Nel capolavoro del regista Asghar Farhadi, Una separazione, il rapporto tra uomo e donna viene esaminato con profondità e sottigliezza psicologica, rara a Hollywood. Il film è stato girato e acclamato in Iran come all’estero. Non si nega che vi siano aspetti repressivi nel regime degli Ayatollah, a cominciare dal numero delle condanne a morte e dal controllo dei costumi che devono essere consoni alla legge di una Repubblica teocratica. Si afferma con Todd che il Paese è una struttura complessa, con proprie procedure democratiche, con una cultura e istruzione eccezionali, con una maggioranza di donne istruite e all’università, con un numero di ingegneri superiore a quello occidentale. Il tasso di natalità si è gradualmente abbassato a partire dal 1985, in parallelo con il tasso di istruzione femminile. Oggi è simile a quello francese. Todd, analizzando la struttura familiare, afferma che gli Stati sunniti sono governati da clan familiari. Ucciso il despota, Saddam o Gheddafi, lo Stato crolla. In Iran i regime change programmati dall’Occidente sono invece destinati a fallire. Gli illegali e terroristici attacchi israeliani del 13 giugno contro scienziati e politici iraniani seguiti da quelli statunitensi del 21 dello stesso mese contro i siti nucleari hanno avuto l’effetto opposto alla destabilizzazione desiderata dalle pacifiche democrazie: la società civile, anche il dissenso si è compattato intorno al governo. Il disprezzo occidentale per le culture e le forme di governance diverse dalla nostra induce a sbagli cruciali. La sottovalutazione della forza russa ha portato l’Europa nel pantano ucraino. E Bruxelles persiste nei suoi errori. Con l’Iran, come sottolineava l’ambasciatore iraniano in Italia, i rapporti e gli interessi dei principali Paesi europei come il nostro erano solidi.

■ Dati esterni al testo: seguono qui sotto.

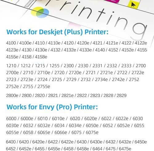 Compatible Printer: For DeskJet 2734e, 1255, 2710e, 2720e, 2721e, 2722, 2722e, 2723e, 2724, 2725, 2732, 2742e, 2752e, 2755, 2755e, 2800, 2800e, 4110e, 4120e, 4121e, 4122e, 4123e, 4130e, 4132e, 4133e, 4152e, 4155e, 4158e; For DeskJet Plus 4122, 4132, 4155 Printer (other models are shown in the image).

Eravamo, un tempo non troppo lontano, inclini alla diplomazia che portava notevoli benefici reciproci. Il dialogo oggi diminuisce. L’Europa nel suo insieme è allineata alla politica guerrafondaia di Israele e di Trump. Mentre i false flag attack si ripetono freneticamente riuscendo a rendere il conflitto diretto Nato-Russia sempre più verosimile, la subdola campagna anti-iraniana continua, strumentalizzando il movimento femminista e dei diritti umani al fine di preparare le mai sopite guerre neoconservatrici statunitensi.